Во всём её показании, довольно лукавом, самым опасным ему представлялось именно то, что Завадовский предлагал ей любовь, и Александр с намерением ответил уклончиво:

   — Да, подтверждаю, но единственно то, что пригласил её ехать для того только, чтобы узнать подробнее, как и за что она поссорилась с Шереметевым, и как жил до сего времени за неделю на квартире графа Завадовского, то и завёз на неё, куда и Завадовский в самом деле вскоре приехал, но объяснял ли он ей о любви, я не помню, только провели вечер все вместе, а после отвёз Авдотью Ильинишну в её квартиру.

Ковалев выслушал, казалось, ещё равнодушней и кивнул своему адъютанту:

   — Пригласите графа Завадовского.

Завадовский тотчас вступил и встал рядом с ним, спокойный, но тоже бледный, и Ковалев, вновь с бумагой в руке, обратился к тому:

   — Вы показали, что вы «её в театре, на лестнице лично приглашал к себе, когда она оставит Шереметева, побывать в гостях у него, но с кем она приехала к нему, не знает и о любви, может быть, в шутках говорил и делал разные предложения». Однако губернский секретарь Грибоедов показывает, что это он, губернский секретарь Грибоедов, желая «узнать подробнее, как и за что она поссорилась с Шереметевым, и как он жил до сего времени за неделю на квартире графа Завадовского, то и завёз на оную, куда приехал и Завадовский». Как можете изъяснить вы сие разногласие?

Завадовский сухо ответил, не меняясь в лице, глядя на полковника поверх головы, точно ни знать ни видеть его не хотел:

   — В таком случае я беру назад своё показание и заявляю, что ошибся, приняв визит Истоминой на свой счёт.
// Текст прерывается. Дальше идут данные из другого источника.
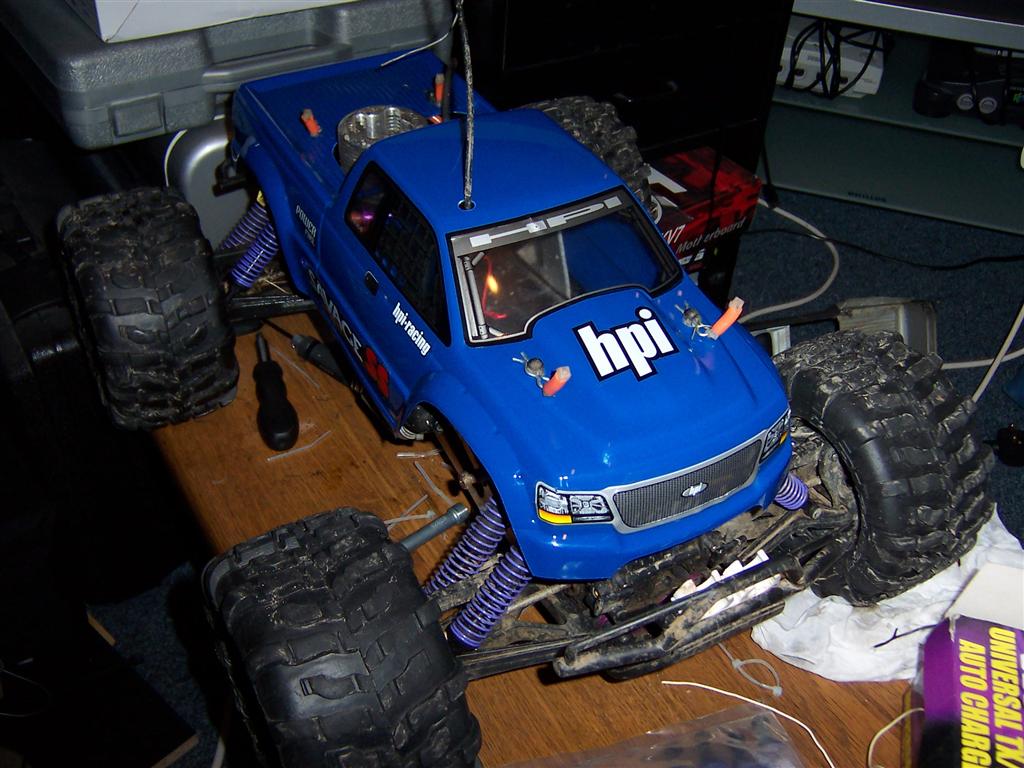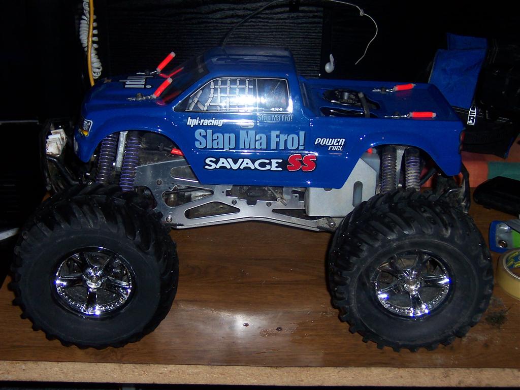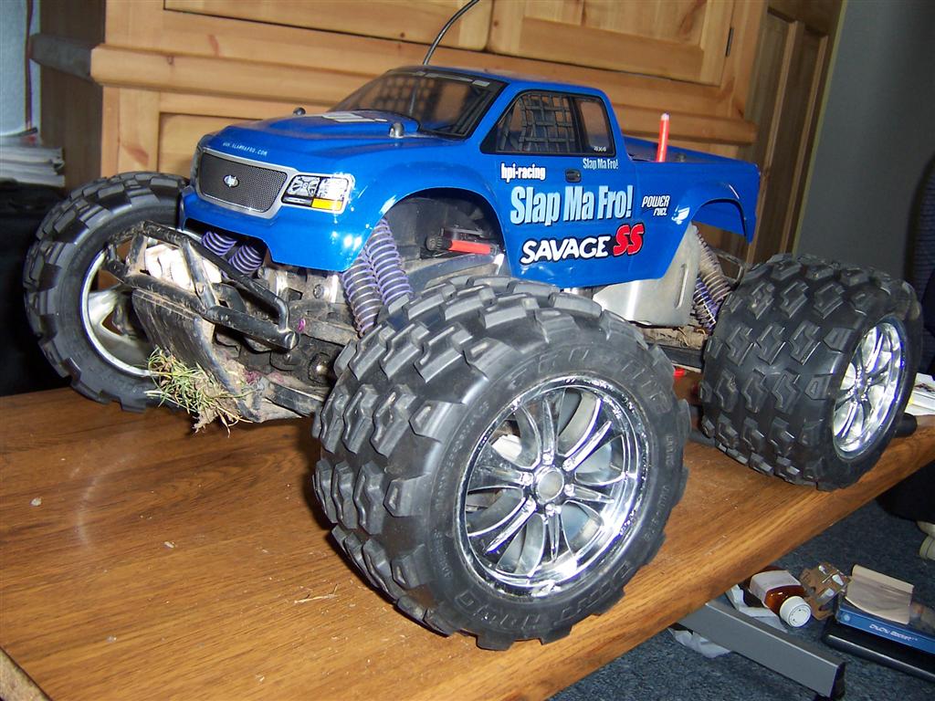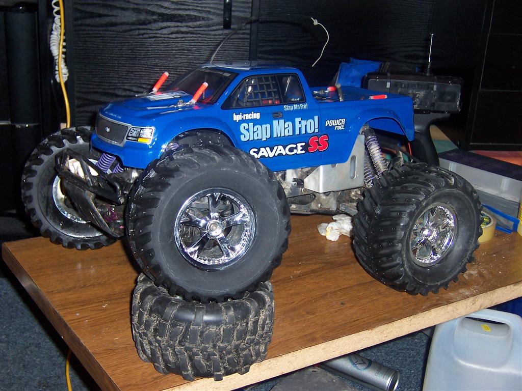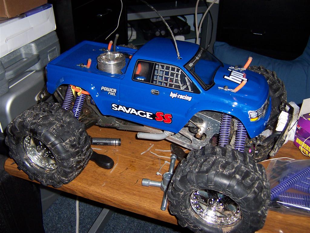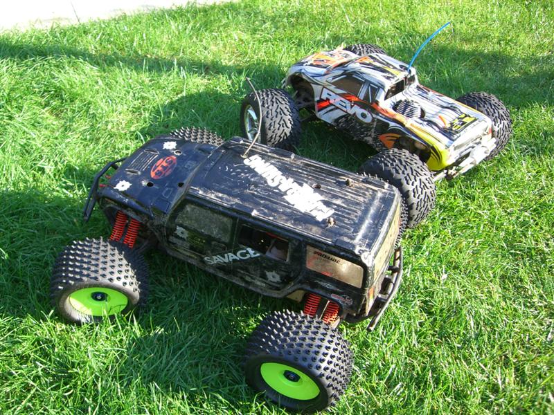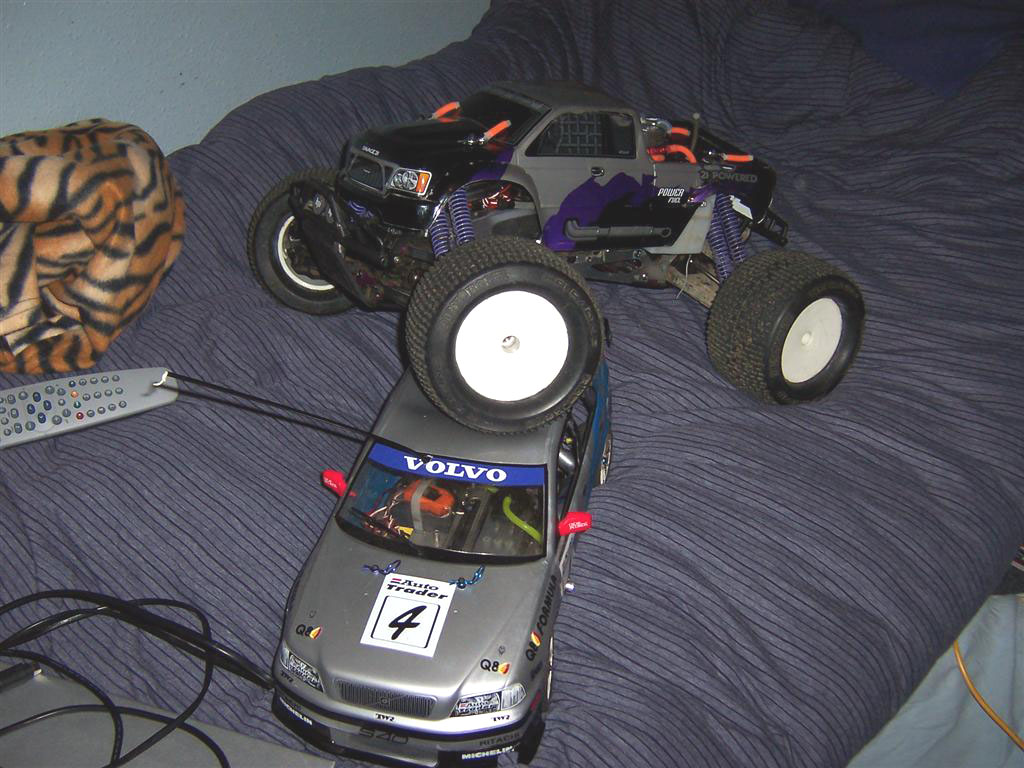 UPDATE - 30th January 2005 And, yes, i've gone and got another RC car :) This time, its a monster truck to sort of 'complete' the set! Its a HPi Savage, running Proline Velocity wide-offset wheels, HPI DirtBonz tyres, my Hyper 21 8 Port engine, and an RB pipe. It has been modded also with Alu shock towers, heavy duty driveshafts, and uprated spider diffs. Here are some pointless little shots of it driving over the road car.

Ковалев поглядел на Завадовского долгим немигающим взглядом тупого служаки, пожевал ярким чувственным ртом и наконец приказал:

   — В таком случае прошу вас удалиться.

Подождал, пока Завадовский выйдет своей размеренной, неторопливой походкой, и вновь, склонившись к неразлучный бумаге, обратился к нему:

   — Далее Истомина показала, что между нею и Шереметевым произошло примирение и что в течение двух следующих за тем дней Шереметев замучил её, расспрашивая о том, была ли она у кого-нибудь во время их ссоры, причём грозил её застрелить и вынудив у неё признание о её визите к Завадовскому, после чего Шереметев и вызвал его на дуэль. Со своей стороны, секундант и друг Шереметева лейб-гвардии уланского полка корнет Якубович, был спрошен, утверждал, что причиной дуэли был какой-то «поступок Завадовского, не делавший чести благородному человеку», однако же разъяснять эти слова отказался, ссылаясь на обещание хранить тайну, данное им умирающему Шереметеву, а от очной ставки с Завадовским уклонился, прося «пощадить его, не дав случая видеть убийцу друга его и виновника всего его несчастия». Прошу изъяснить, что вам известно о причинах оной дуэли?





Александр, чуть помедлив, твёрдо сказал:

   — О причинах дуэли мне ничего не известно.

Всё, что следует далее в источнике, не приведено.